Laurel just smiled and shook her head. “I thought I was on death’s door last year.”
“What do you think we’ll be doing next year?”
“This same thing, I hope,” Laurel said, snuggling against him.
“Well, other than that.” He lay back, lacing his fingers together to support his head. Laurel rolled onto her side, her stomach pressed against his ribs. “I mean, senior year next year. We’ll be picking colleges and stuff.”
Laurel’s heart sank and she looked away from him. Ever since Chelsea had brought up the SAT tests the thought of her educational future had been a little hard to think about. “I don’t think college is in my future.”
“What? Why not?”
“I imagine they’ll want me at the Academy full-time,” she said, a little despondently.
David propped his head up on his elbow so he could look at her. “I always figured you would study at the Academy off and on—maybe full-time eventually—but that doesn’t mean you can’t go to college.”
“What would be the point?” Laurel shrugged. “It’s not like I’m going to have a career someday. I’m a faerie.”
“So?”
“They’ll want me to do…faerie stuff.” She gestured vaguely with her hands.
David pursed his lips. “What does it matter what they want? What do you want?”

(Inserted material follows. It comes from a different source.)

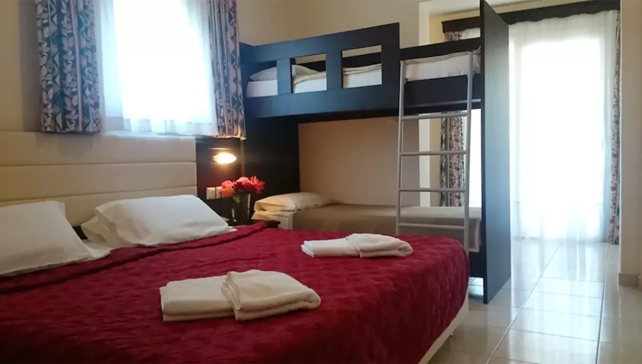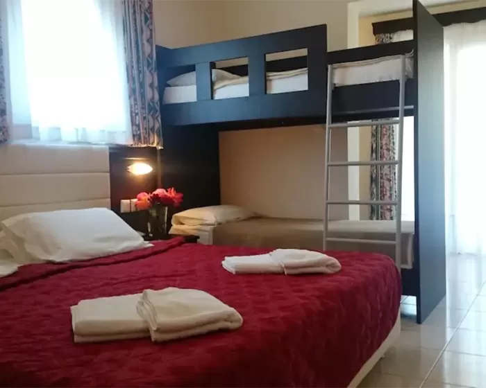 četvorokrevetna soba (family): 2 kreveta i krevet na sprat, nalaze se u prizemlju. Maksimum dve odrasle i dvoje dece do 11.99 godina, treće dete do 2.99 godina. U trokrevetnoj sobi minimum 3 osobe. U četvorokrevetnoj sobi minimum 4 osobe.Bebi krevetac najaviti blagovremeno.
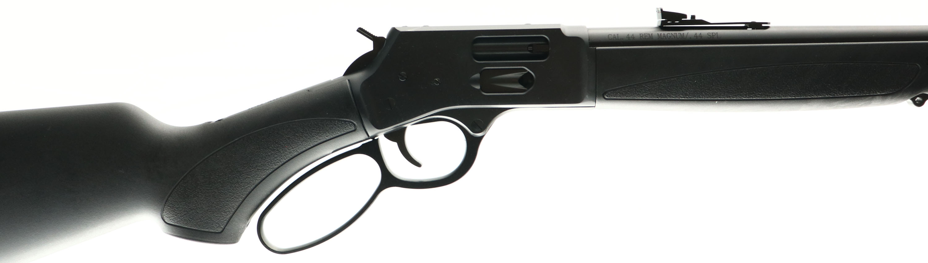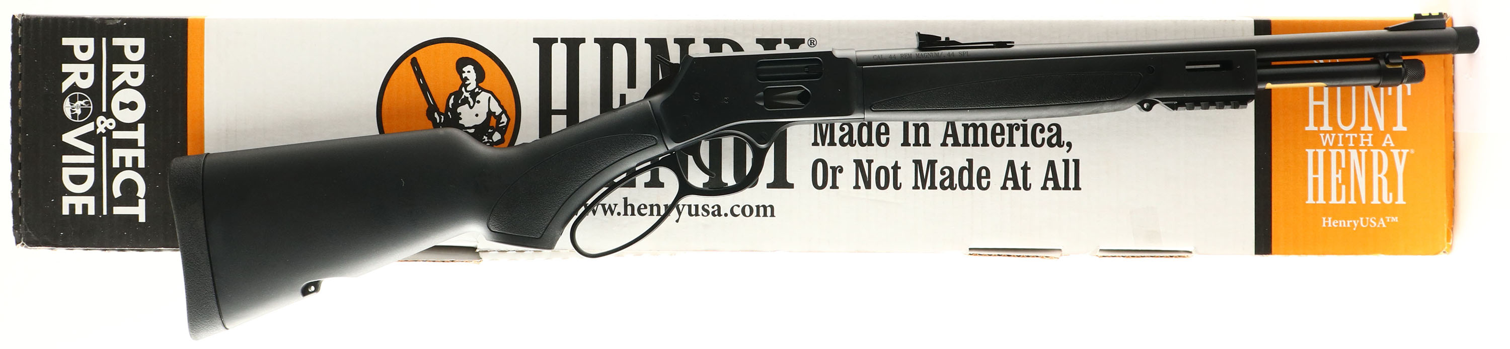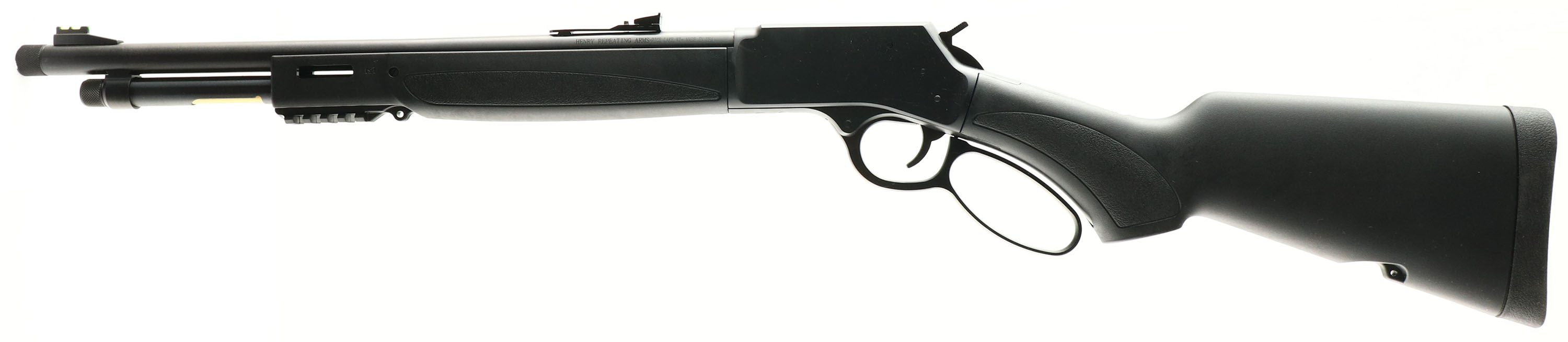 BOXED & NEW Henry Repeating Arms, Big Boy Model X Carbine, CAL: .44 Rem Magnum / .44 SPL, MFG: Modern, SN: XBBS11599, Lever Action Carbine, 17.4'' barrel, 1:20'' Twist Rate. Full Mag. The original flat pistol grip synthetic stocks are excellent, with no handling marks. The metal black finish rates 100% overall. Bore is mint. Barrel carries factory fiber optic sights. The receiver is drilled & tapped for installing a picatinny rail & other optics. Threaded barrel which allows the use of modern suppressors, 5/8x24. Mag tube or side gate loading. Large Loop Lever. Has two modular M-LOK slots at the 3 & 9 o'clock positions, with a picatinny rail at the 6 o'clock position. Buttstock carries a solid rubber kickpad, LOP 14''. Sling studs. A new Big Boy, which comes in the original box, with booklet, paperwork & hang tag. FFL Req. - Value: 800 to 1000

“I…don’t really know, I guess. What else would I do?”
“You’re way more than just a faerie, Laurel. You have this opportunity to do something most faeries never get to do. To live like a human. To make that choice.”
“But they’ll never see any of that as important. The only thing that matters to anyone in Avalon is that I learn how to be a Fall faerie—and that I inherit the land.”
“It doesn’t matter what they think is important. You’re the one who decides what’s important. Same with anything in life. The value you give it is the only value it has.” He paused. “Don’t let them convince you that humans aren’t important,” he said, his voice barely a whisper. “If you think we’re important, then we are.”
“But what would I do?”
“What did you want to do before you found out you were a faerie?”